## Dataset extract
• • • • •

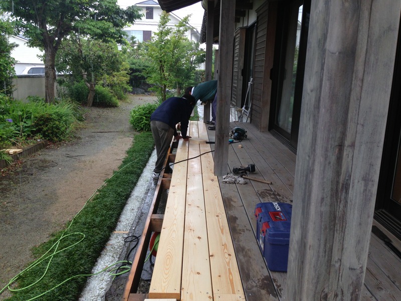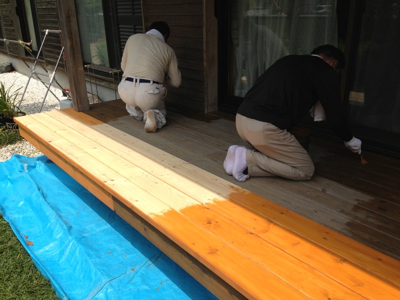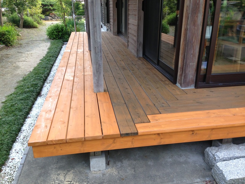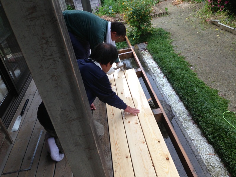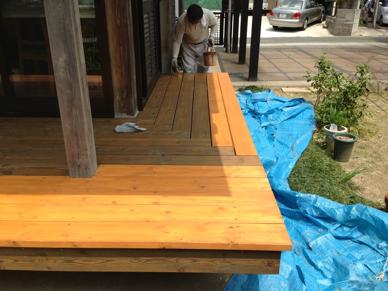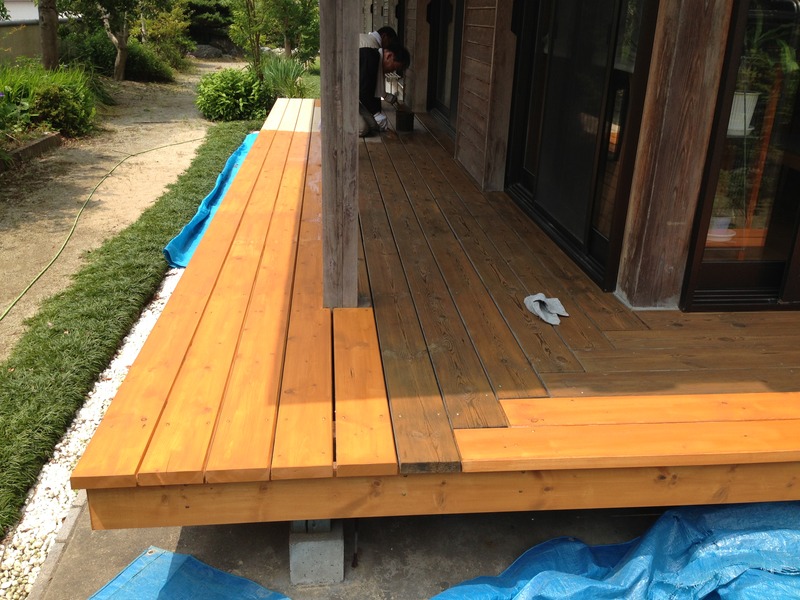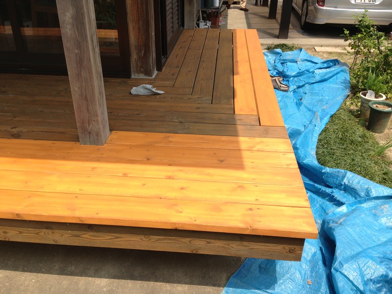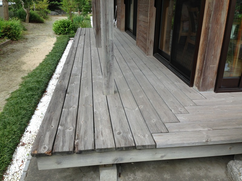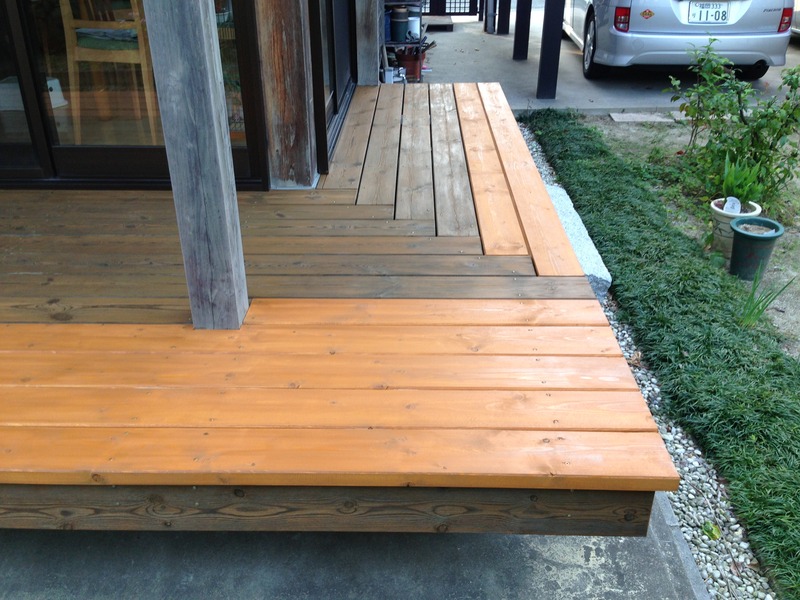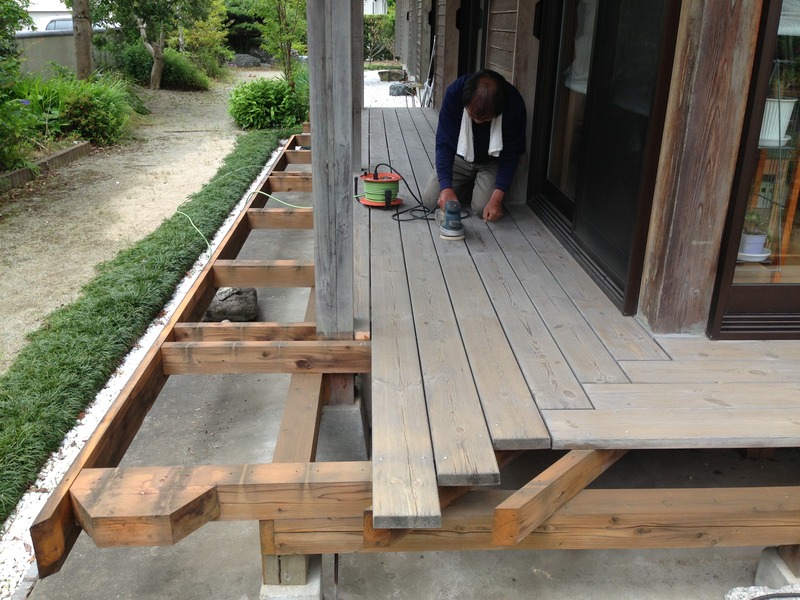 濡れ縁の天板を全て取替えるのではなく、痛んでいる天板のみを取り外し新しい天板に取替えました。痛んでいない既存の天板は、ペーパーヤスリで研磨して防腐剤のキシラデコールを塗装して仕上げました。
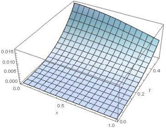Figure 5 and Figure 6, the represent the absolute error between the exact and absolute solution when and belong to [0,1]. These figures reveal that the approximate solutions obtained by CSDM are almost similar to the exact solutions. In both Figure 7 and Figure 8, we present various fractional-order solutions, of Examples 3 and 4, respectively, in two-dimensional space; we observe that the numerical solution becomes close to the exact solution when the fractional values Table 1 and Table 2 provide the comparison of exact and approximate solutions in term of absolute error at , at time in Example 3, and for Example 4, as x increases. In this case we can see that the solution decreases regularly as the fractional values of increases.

• • • • •

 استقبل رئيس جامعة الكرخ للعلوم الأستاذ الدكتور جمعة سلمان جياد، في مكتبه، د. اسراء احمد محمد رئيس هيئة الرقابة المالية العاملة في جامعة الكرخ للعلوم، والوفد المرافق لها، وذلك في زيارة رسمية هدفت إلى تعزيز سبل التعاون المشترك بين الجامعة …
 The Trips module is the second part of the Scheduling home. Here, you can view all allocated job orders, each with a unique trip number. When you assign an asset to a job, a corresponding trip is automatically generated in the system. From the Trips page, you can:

• • • • •

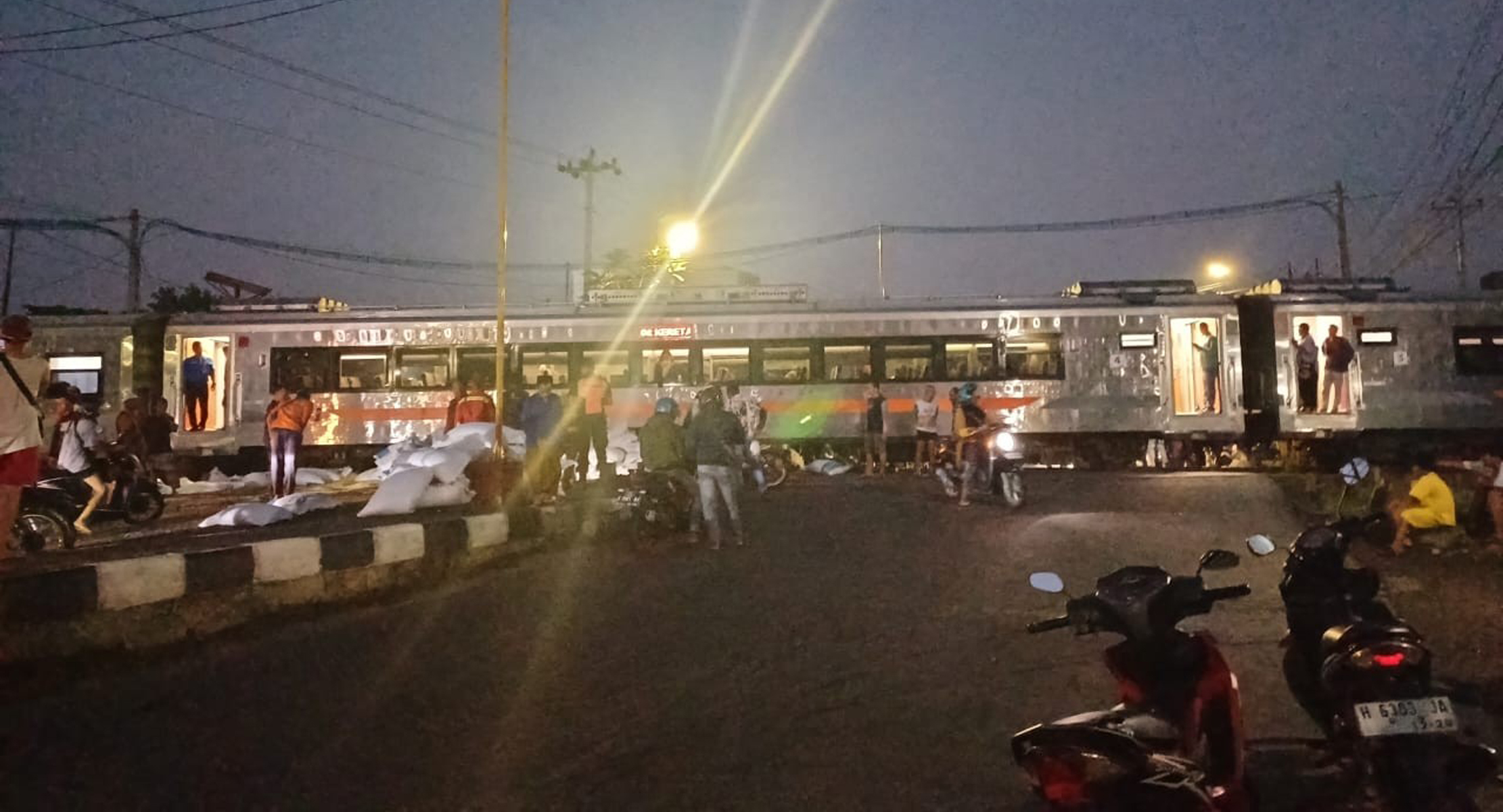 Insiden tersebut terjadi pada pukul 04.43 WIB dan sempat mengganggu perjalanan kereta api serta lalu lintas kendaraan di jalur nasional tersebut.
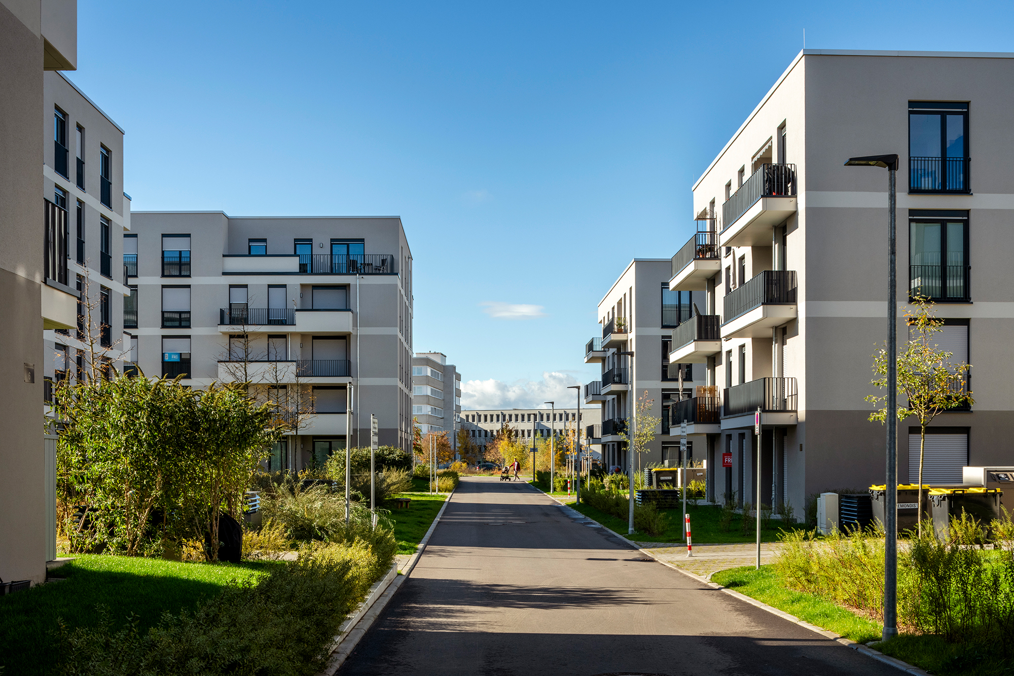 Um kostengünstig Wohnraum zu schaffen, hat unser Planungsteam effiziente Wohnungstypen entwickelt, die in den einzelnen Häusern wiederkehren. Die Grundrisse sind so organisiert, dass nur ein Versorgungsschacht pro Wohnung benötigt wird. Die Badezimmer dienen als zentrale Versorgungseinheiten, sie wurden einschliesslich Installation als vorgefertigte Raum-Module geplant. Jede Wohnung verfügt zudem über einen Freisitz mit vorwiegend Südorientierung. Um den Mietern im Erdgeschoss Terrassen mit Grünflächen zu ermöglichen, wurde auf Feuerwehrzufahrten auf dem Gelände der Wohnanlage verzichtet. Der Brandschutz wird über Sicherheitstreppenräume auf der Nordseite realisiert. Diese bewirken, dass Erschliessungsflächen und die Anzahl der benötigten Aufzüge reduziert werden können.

• • • • •

## Work to be completed
In the listing above, find the line with "濡れ縁の天板を全て取替えるの" and the line with "Figure 5 and". Set down exactly those lines and everything between them, skipping pictures.

## Finished exercise
 濡れ縁の天板を全て取替えるのではなく、痛んでいる天板のみを取り外し新しい天板に取替えました。痛んでいない既存の天板は、ペーパーヤスリで研磨して防腐剤のキシラデコールを塗装して仕上げました。
Figure 5 and Figure 6, the represent the absolute error between the exact and absolute solution when and belong to [0,1]. These figures reveal that the approximate solutions obtained by CSDM are almost similar to the exact solutions. In both Figure 7 and Figure 8, we present various fractional-order solutions, of Examples 3 and 4, respectively, in two-dimensional space; we observe that the numerical solution becomes close to the exact solution when the fractional values Table 1 and Table 2 provide the comparison of exact and approximate solutions in term of absolute error at , at time in Example 3, and for Example 4, as x increases. In this case we can see that the solution decreases regularly as the fractional values of increases.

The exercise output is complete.